The thing leaned closer, and opened one of its eyes. Out of it came the displaced tongue, still dirty and yellow from the rum Alex had drank. It inched closer and closer, until finally it started to lick the eyeball stew off of my face. The tongue was warm and slippery, and it twisted around my eyes and my mouth as it licked off every last bit of eyeball left on my face. From somewhere inside the head, where the vocal cords resided, I could hear pleasured groans, low and stuffy as they vibrated in between flesh and bone.
When the thing finally backed away, I could feel a sticky film begin to coat my face as the spit began to dry. It tickled and irritated my skin, bothering me unimaginably hard. I needed to do something; I had been stationary for too long, and all the nerves in my body were beginning to fight back at the stillness within.
The thing faced me, its tongue sticking out limply from the limp eye socket. I don’t know if it could still see me, as it no longer had eyes. I dared not flinch, but time was running out. A cramp, a twist, a punch - something was going to happen soon; something needed to break the incubating stagnation.
Promptly, the thing turned around, and limped its way towards the window. Slowly and awkwardly, like it was losing control of the muscles and nerves within, it opened it, and then jumped out. Our apartment is on the eighth floor, so it took a considerable amount of freefall until I heard a wet thud. Even though it was gone, it took me a while until I felt safe enough to move again.
When the cops and paramedics came, I tried to explain what had happened. I thought it must be at least somewhat believable, I mean, his face was proof! The way he looked… nothing natural could do that.
But they just blamed it on the fall. Twisted my story to seem like he’d gotten into a drunken psychosis, his state of mind exclusively fucked, and jumped out the window headfirst, the impact smashing his face to look like that. They brushed off my story completely, condescending me, saying that I was making a mockery of Alex’s death. That I was probably high or drunk or both.

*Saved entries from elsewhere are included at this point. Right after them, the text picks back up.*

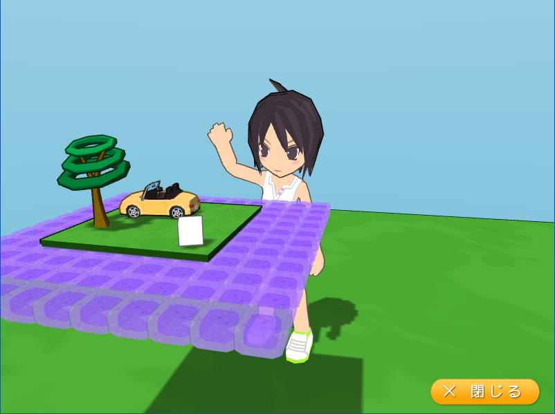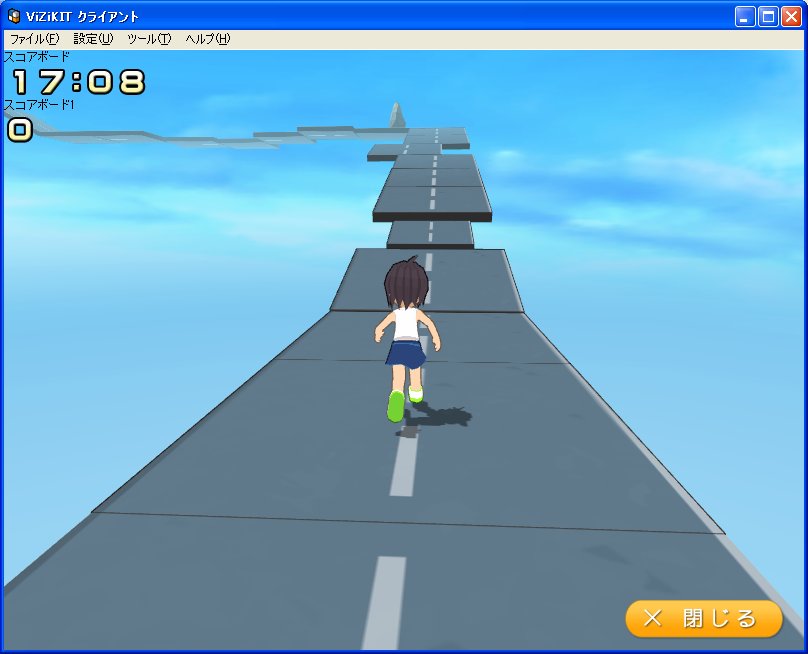 まず,考えられるのは,ViZiMOの基本機能だけを使用してゲームを作ることです。先月のレースゲームも,レース部分自体はViZiMOの基本機能しか使っていないのですが,それでも周回を数えたり,ランキング処理で複雑なことをやっていました。これが,周回型ではなくて,構造的に直線の競争だったら,ゴール時の判定くらいで済みますので,かなり簡単になります。シングルプレイヤー専用のゲームにすれば,ゴール地点のオブジェクトとプレイヤーとの接触判定で,勝利フラグと終了イベントを並べれば,ゲームになってしまいます。
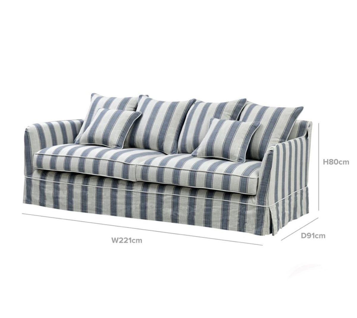 COASTAL SLIP COVER 3 SEATER SOFAÂ – Blue Sky Stripe
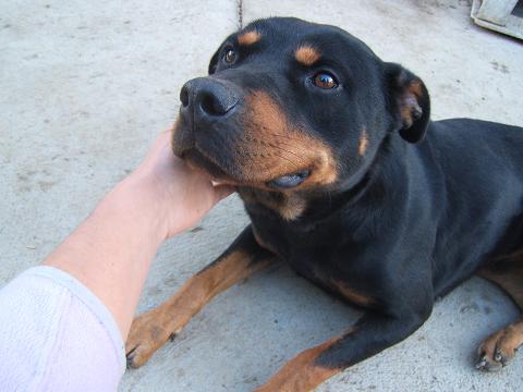 Un chien, ce n'est pas comme un chat et normalement on doit pouvoir voir la trace des côtes (pas trop tout de même) sinon c'est qu'il est en surpoids. En tout cas c'est ce qu'on m'a dit pour le labrador et c'est un peu "bati" pareil que le rotweiler !?
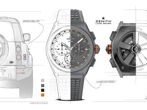 Defy 21 Land Rover Edition появились на свет в результате четырехлетней работы автобренда и знаменитого производителя швейцарских часов. Часы представляют собой полностью пересмотренный хронограф от Zenith с минималистичным и лаконичным дизайном. Выполненные в специальном титановом корпусе, поглощающем свет с любого угла, чтобы максимально подчеркнуть его граненые поверхности, часы приковывают взгляды и в то же время не выглядят слишком броско. Циферблат новинки сочетается с корпусом благодаря матово-серому цвету, существенно отличаясь от стандартных версий Defy 21. Элементы циферблата в оранжевых и белых тонах добавляют четкость и контрастность дисплею. На внутренней стороне часов красуется миниатюрный пятиспицевый колесный диск Land Rover. Как и Defender, доступный с разными пакетами опций, соответствующими запросам владельца, Defy 21 Land Rover Edition можно приобрести с одним из двух ремешков на выбор: резиновым Adventure с рельефной поверхностью или версией Country, представляющей собой серый резиновый ремешок, похожий на тканевый, с оранжевой прострочкой.
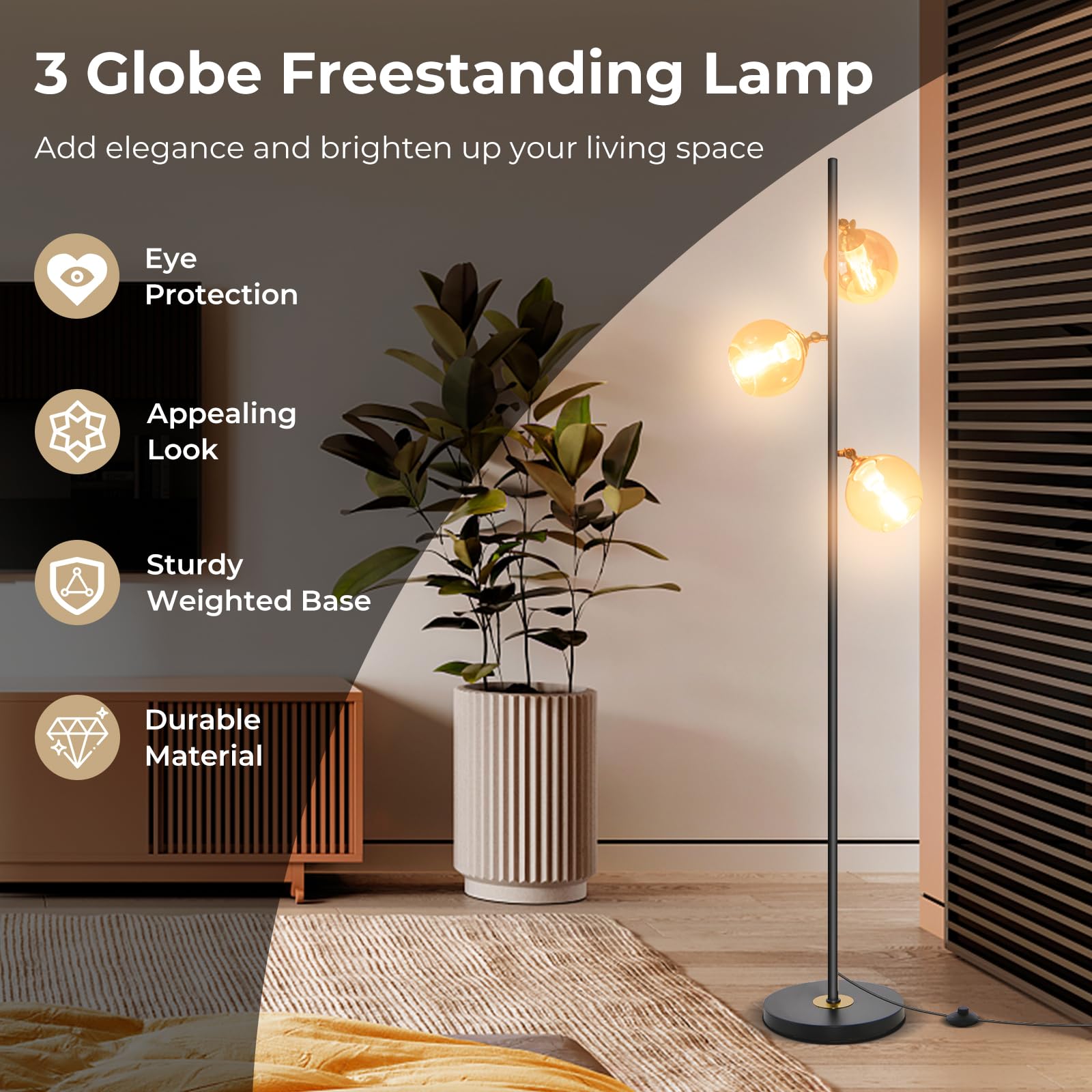 - [Premium Floor Lamp]: The 3-globe freestanding lamp is well designed with well-painted metal pipes and weighted lamp base, which offer strong support and ensure high stability. Moreover, the safe plug makes the lamp more reliable to use.
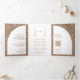 Minimal Line Art Leaf Arch Beige Wedding Tri-Fold Invitation
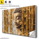 LED Leinwandbild Canvalight® TEX | Buddha-Statue im goldenen Bambus | Quadrat
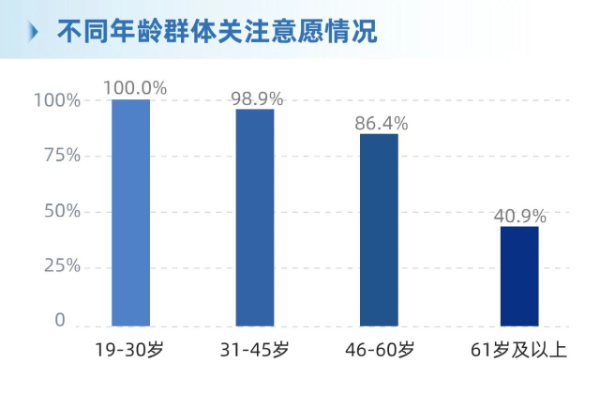 年龄差异:19-30岁关注意愿达100%,31-45岁为98.9%,46-60岁为86.4%,61岁及以上为40.9%。
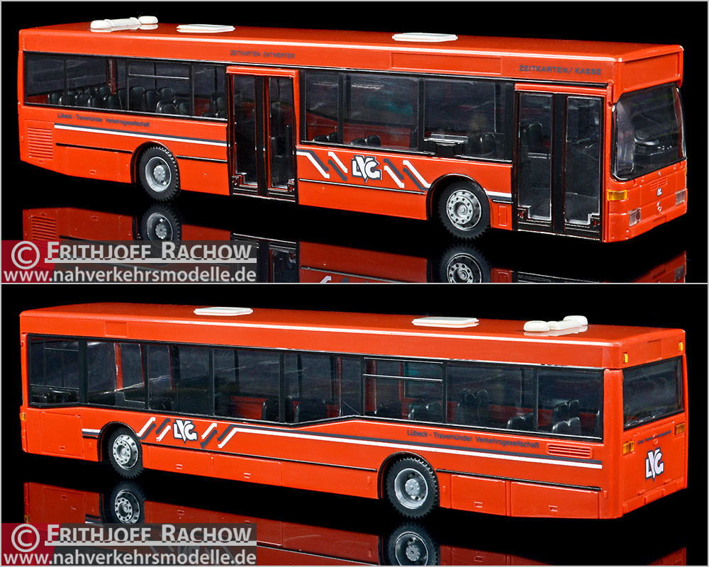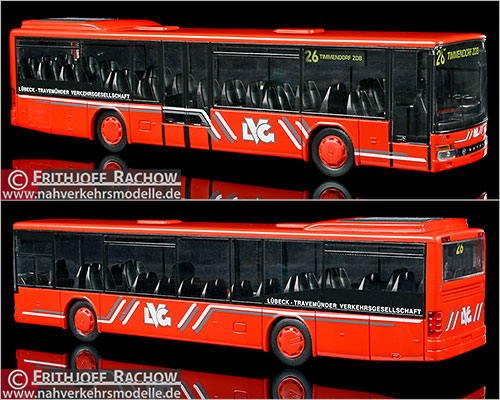 Bus MAN SL 200 Lübeck Travemünder Verkehrsgesellschaft mbH - LVG Hersteller: Rietze #72315 Erscheinungsjahr: 02/2016 Maßstab 1:87 (H0) Ziel: "Stadtlinie | F" Kennzeichendruck: "HL - T 921" XXL-Foto >> |
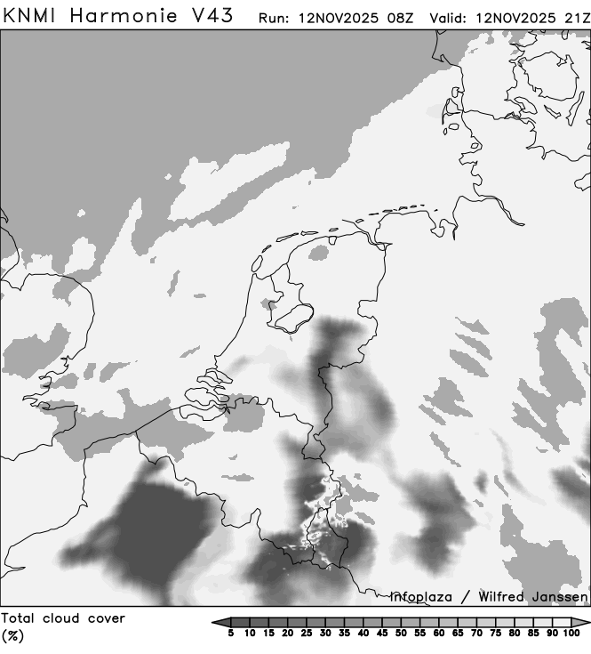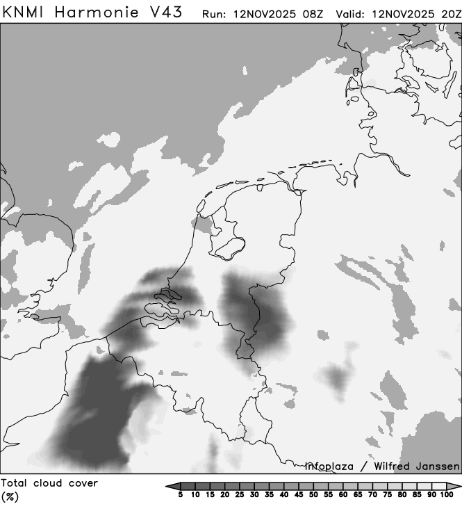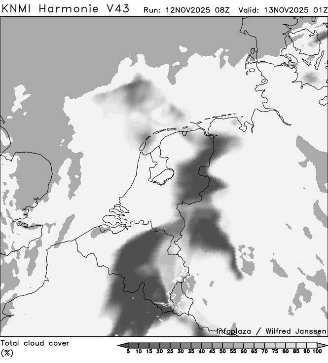 Als er volledige opklaringen zijn zonder hoge bewolking, dan zijn de beste kansen denk ik voor het oosten van de Benelux. Uiteraard is het ook mogelijk dat de hoge bewolking erg dun is en dat we het Noorderlicht er sowieso wel doorheen zien als het zichtbaar gaat zijn.
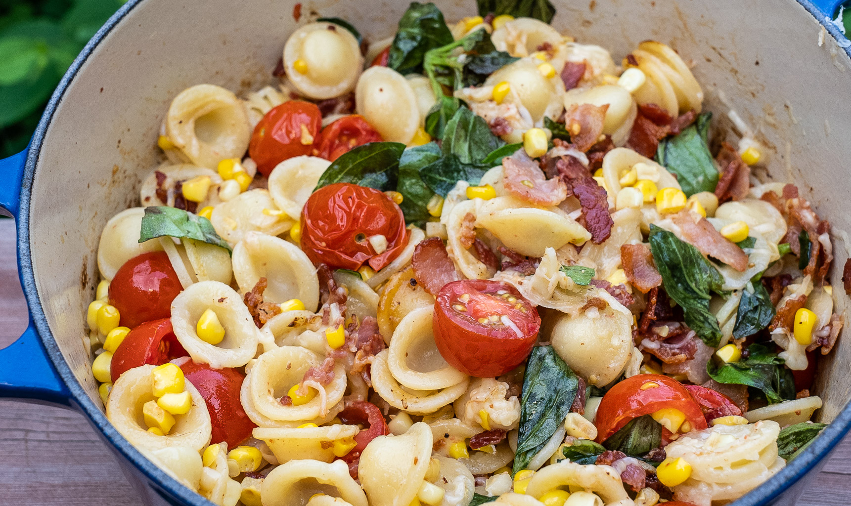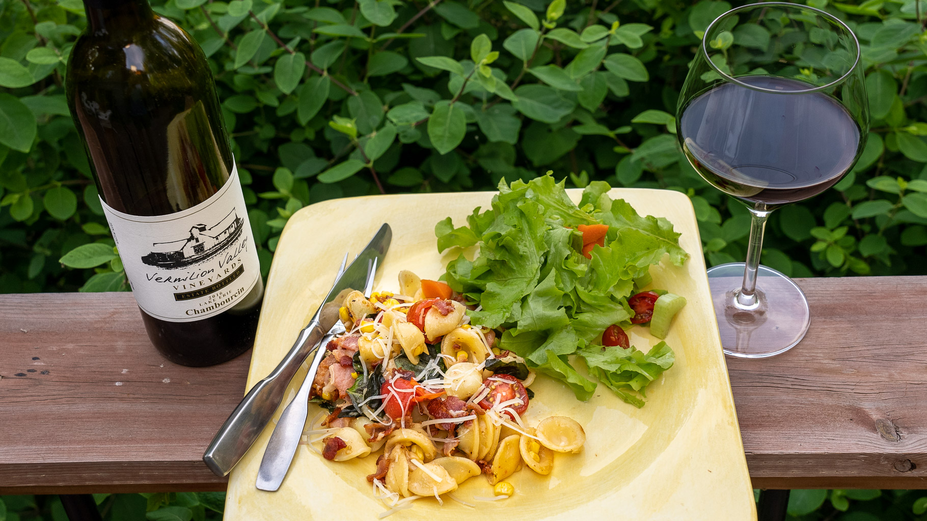 VVV Chambourcin with Corn, Tomato and Bacon Orecchiette

But I know that that’s not what happened. But that’s all I really know, and it’s not enough for much else. I can’t fight this. I can’t reason with it. And Alex is gone forever. I’m grateful for being alive, sure, but I’m more scared than ever. I mean, the thing must’ve died with Alex, right? But what’s been chewing at the back of my mind ever since is the fact that I never found that flesh-tooth-globule that the thing vomited out. The paramedics and cops said that they found nothing, either, which they mostly used as evidence to disprove my story.